Revellers in mysterious gold or lace masks. Crow people. Horse and cow skulls. Extravagant cross-dressing. Feathers and flames. Jewels. Horns. Whooping. Cheering…

And then nothing.

The procession disappears into the night. The street returns to its crisp, wintery silence and you wonder if you dreamed or hallucinated the strange episode.

What you actually paid witness to was Montol, a winter solstice celebration unique to Penzance. It’s one of a number of idiosyncratic Penzance festivals plucked from our Celtic past. Together, they help to give our town a peculiarly attractive flavour like no other in Cornwall or England.

In this longer-than-usual post (because this subject surely deserves it), we’re going to look at the history behind these events and reveal why they’re enjoying a renaissance in modern Penzance.
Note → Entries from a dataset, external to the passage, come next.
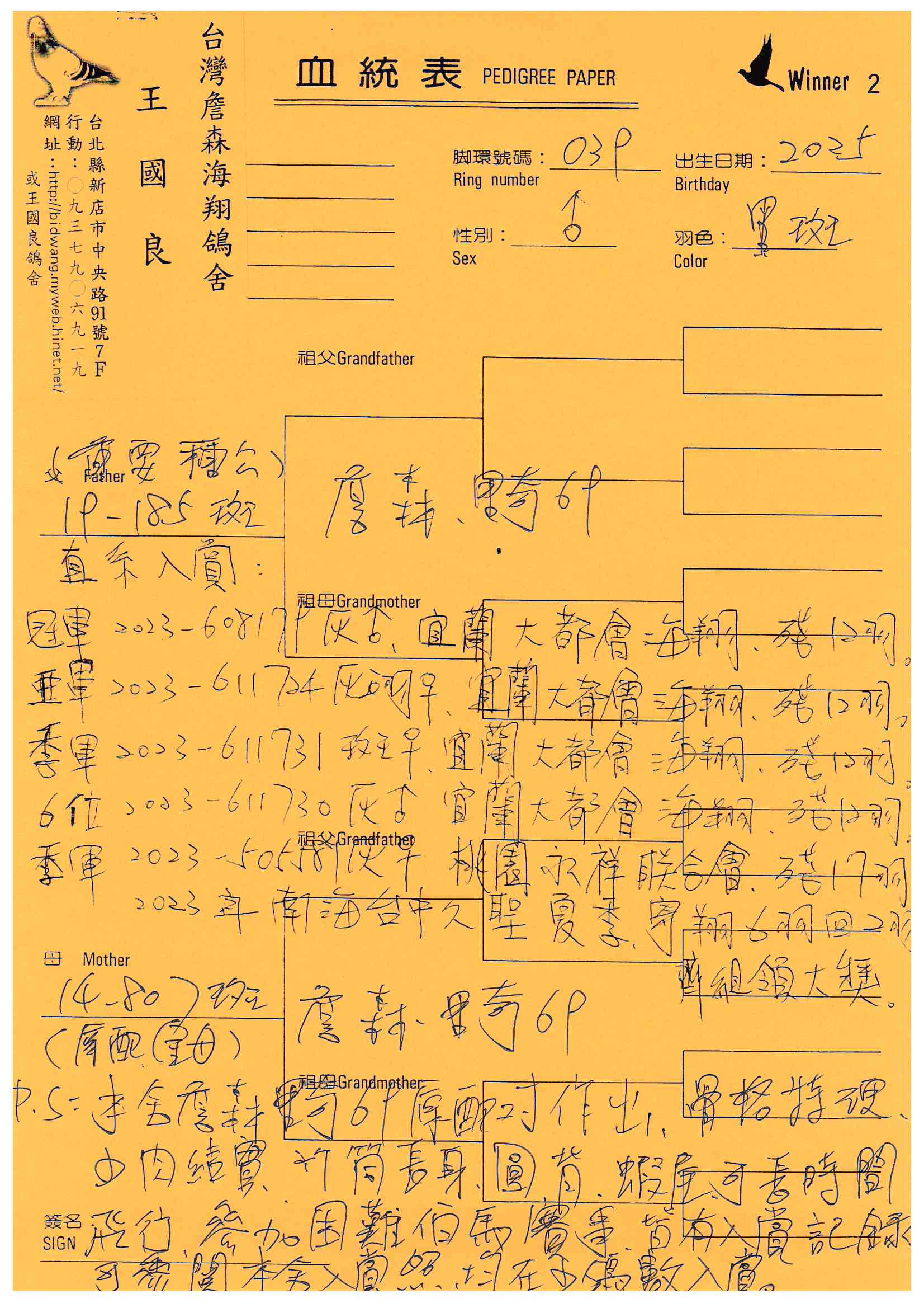 以飼養四季都能入賞詹森系聞名的新店王國良,舍內種鴿皆是詹森家族相互作育而成,能保有詹森系統的特色與優勢。從本身作出參賽和絡繹不絕種鴿提供資訊等各式入賞鴿照,得以知曉王國良的詹森家族威名絕非虛構。近年來王國良年紀漸長,開始減少參賽僅以少數寄翔興趣為主,愛鴿心切的他,期望能讓四季都能入賞的詹森家族在各地發光發熱,所以特別將舍內作育的一線主力高代種鴿分享,透過多年來豐富的參賽與作育經驗,讓惡氣候歸返聞名的詹森家族優良血脈,傳承各地賽場開枝散葉,如此一為,也是作為養鴿人多年的肯定吧!
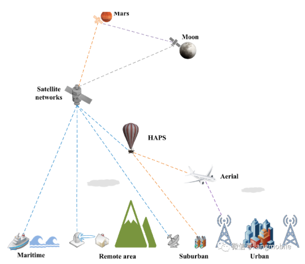④从大局来看,一方面,NGSO巨型星座将支持或高效协同GEO (地球同步轨道)网络、HAPS. 空对地网络、无人机网络等。这样-一个更大的NTN生态系统将带来更多处理共存和竞争的挑战。另-方面,空间使能的网络和大规模MIMO将扩展到近地空间(NES)以及从中性地球大层(160-200 公里)到月球轨道(约384400公里)的空间。例如,诺基亚贝尔实验室将为NASA的“Artemis 计划”在月球上部署第一个LTE网络。在拟议的太阳能通信和防御网络(SCADN)概念[13]中,基于整个太阳系大量航天器/卫星互联网的大规模MIMO传感和通信框架能够及早发现和缓解潜在威胁(例如小行星/彗星之于地球和地外人类基地的撞击威胁,并为太阳系内的无线连接提供基础设施。非常大的传播距离(地球与其他天体之间)和延迟对无线感知和通信提出了严峻挑战,这需要更多创新的解决方案,如人工智能、机器/深度学习、边缘计算、边缘人工智能、分布式和联邦学习等。
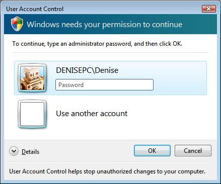 - If you have administrator rights, move to step 5. Otherwise, a User Account Control dialog box will appear asking for the administrator user name and password. Fill-in the administrator name and password and click the [OK] button.
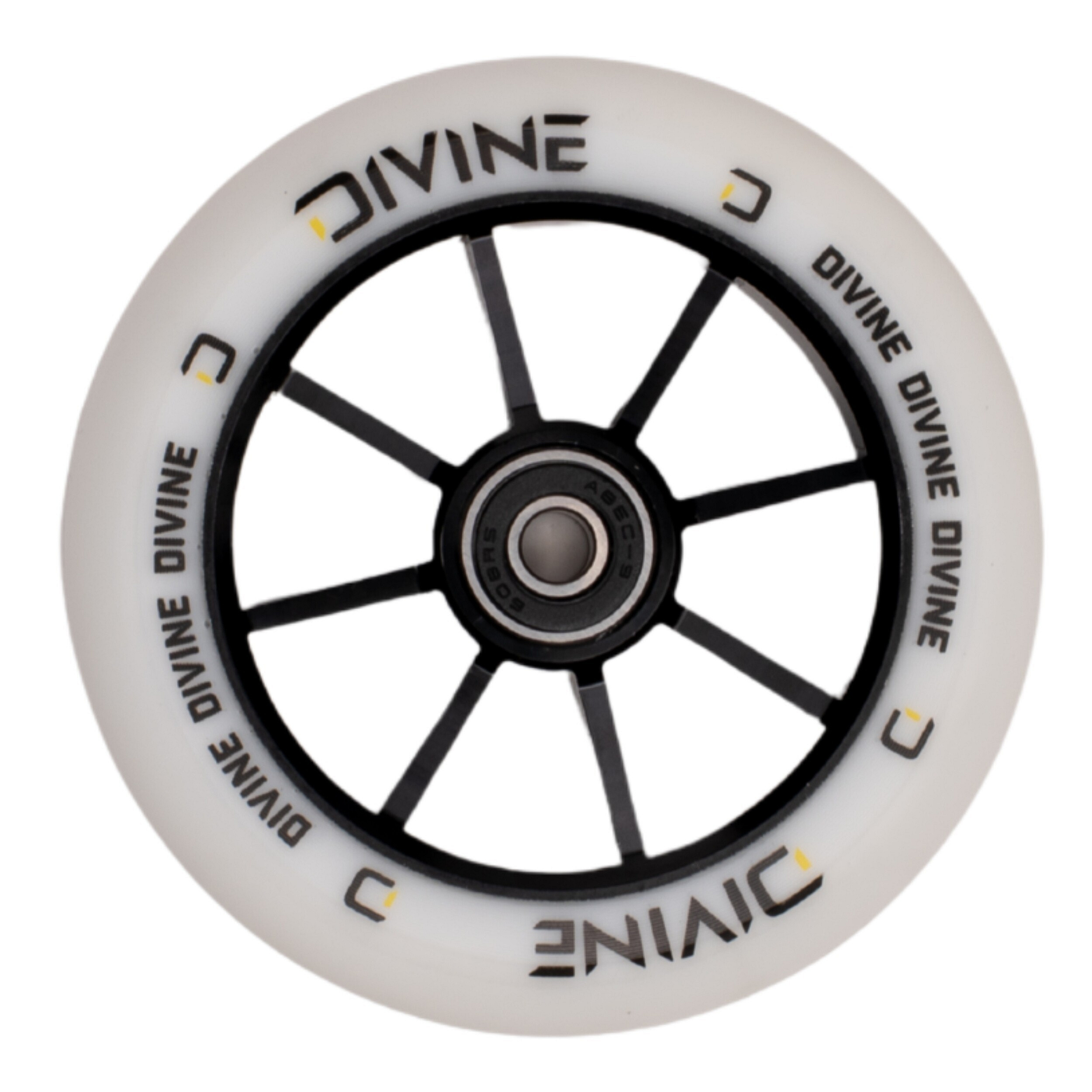 Výborné 110 mm kolečka s hliníkovým středem od nové české značky Divine. Šířka kolečka je standardní 24 mm. Ložiska ABEC 9 zaručují skvělou rychlost.
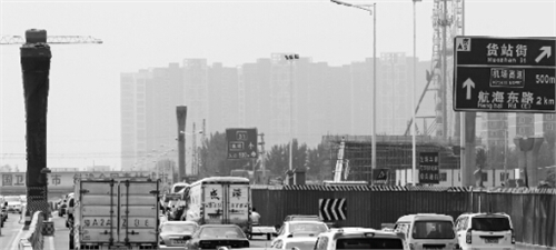 7月26日上午10时许,记者驱车来到中州大道,航海路由南向北行驶,起初,从机场高速下来的机动车以及从航海路上过来的机动车,全部汇聚到中州大道上的交会处,车流量猛然增大,而且车速明显下降,从原来的60公里/小时降低到10公里/小时,且一直走走停停。
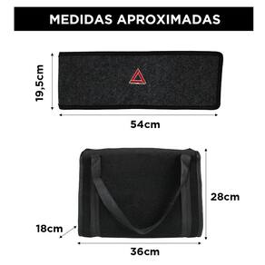 Nesse kit para organizar o porta malas do carro, a bolsa de ferramentas acompanha o porta triângulo de sinalização que possui as medidas necessárias para guardar o item de segurança do veículo.
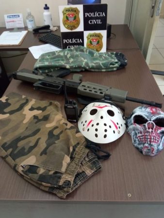 Policiais civis encontraram, nesta terça-feira (19), um simulacro de fuzil, roupas camufladas e máscaras de filmes de terror, além de um rádio comunicador, na casa do adolescente que planejou atacar a Escola Estadual Professor Luiz Latorraca, na cidade de Jaboticabal.
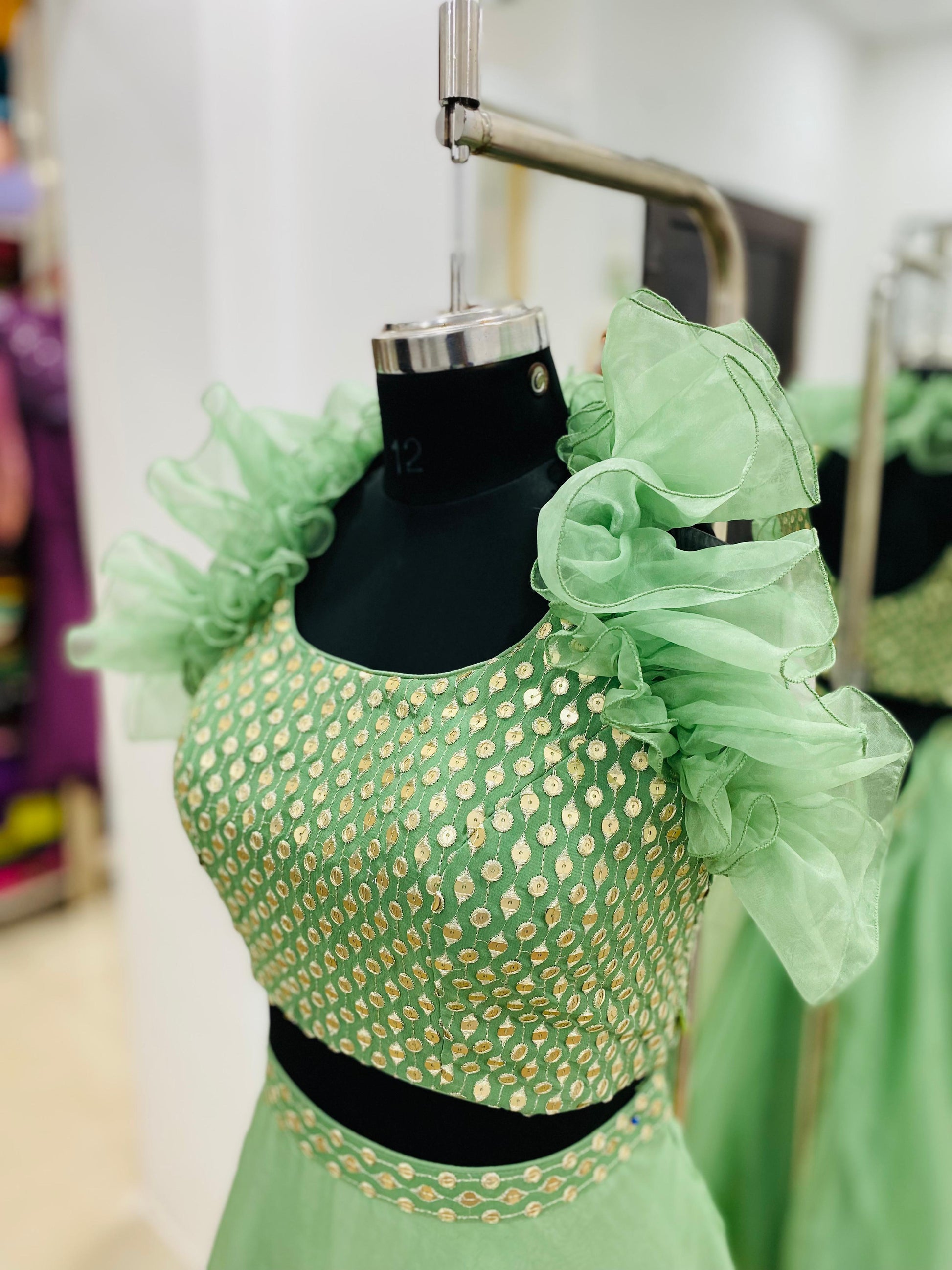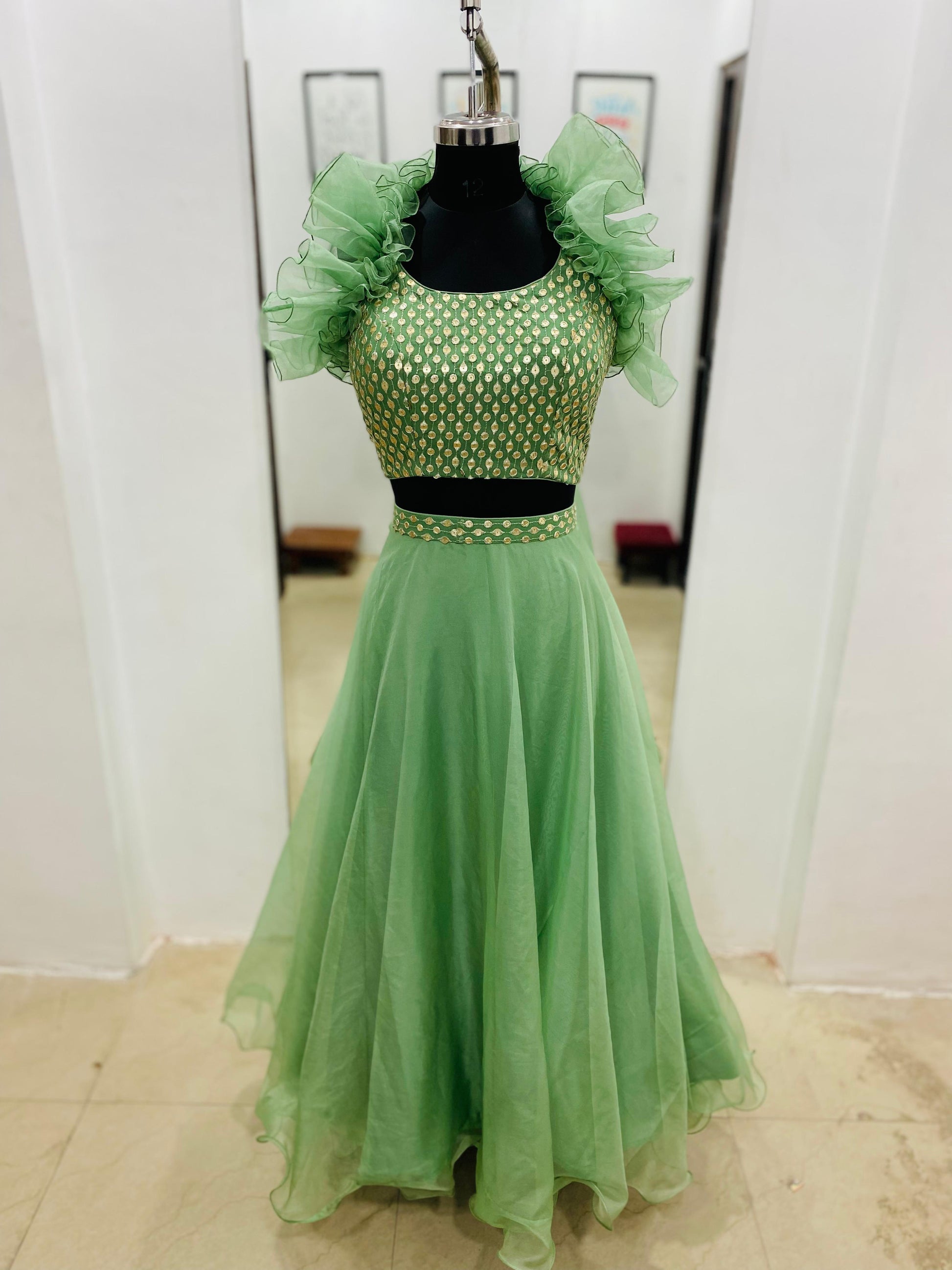 Sage Green Organza Lehenga: 🍃 Embrace elegance with this ethereal sage green lehenga, featuring intricate embroidery accents and a flowy organza dupatta. Perfect for adding grace to any celebration! ✨ |

Join us – horned and bejewelled, if you like – on a journey into our curiously Celtic celebrations.

But first, a little history.

 

Penzance: A patchwork of Celtic, Christian and bohemian

For many, Cornwall is vastly different from Anglo-Saxon England for one very good reason: the Celtic connection. The Celts are believed to have settled our island in waves from around 600BC, during the Iron Age. Later, Romanisation occurred across much of the land and the Celtic influence diminished. However, in Scotland, Wales and Cornwall, Celtic culture continued to flourish.

Over the centuries, the pagan Celtic customs of Cornwall merged with Christian ones. However, the Celtic memory lived on in these rituals and continues to resonate today, giving our ceremonies a unique flavour.

Simon Reed is a Cornish historian and leading campaigner for Cornish native culture. He is at the centre of many of the modern revivals of ancient Celtic festivals in Penzance. He says, ‘Cornwall carried on traditions that died away elsewhere, like midsummer bonfires and masking up for Christmas. We were so far away from the centre, we created our own unique Celtic culture.’

That culture now includes a potent blend of ingredients. Take ancient Celtic and Christian elements, add the flourishing festival traditions of eighteenth and nineteenth century Cornwall, and throw in a generous splash of modern bohemian Penzance. It’s an intoxicating brew.

No single religious – or even irreligious group, for that matter –  owns these events. They are gloriously free-spirited. Says Simon, ‘If people want to be pagan or Christian, it’s fine. I would describe them as secular traditions, whatever your belief.’

Now the scene is set, on to the Penzance festivals themselves…

GOLOWAN: The Penzance festival that got BANNED!

Every June – when delicious, golden light stretches over the town – Penzance dances, sings and cavorts itself into a colourful frenzy. The occasion is the 10-day Golowan Festival, which culminates on Mazey Day.

This celebration of midsummer revives many old local traditions that were popular in the eighteenth and nineteenth centuries, including ‘serpent dances’, market stalls, roaming bands, fireworks and a ‘mock mayor’ event.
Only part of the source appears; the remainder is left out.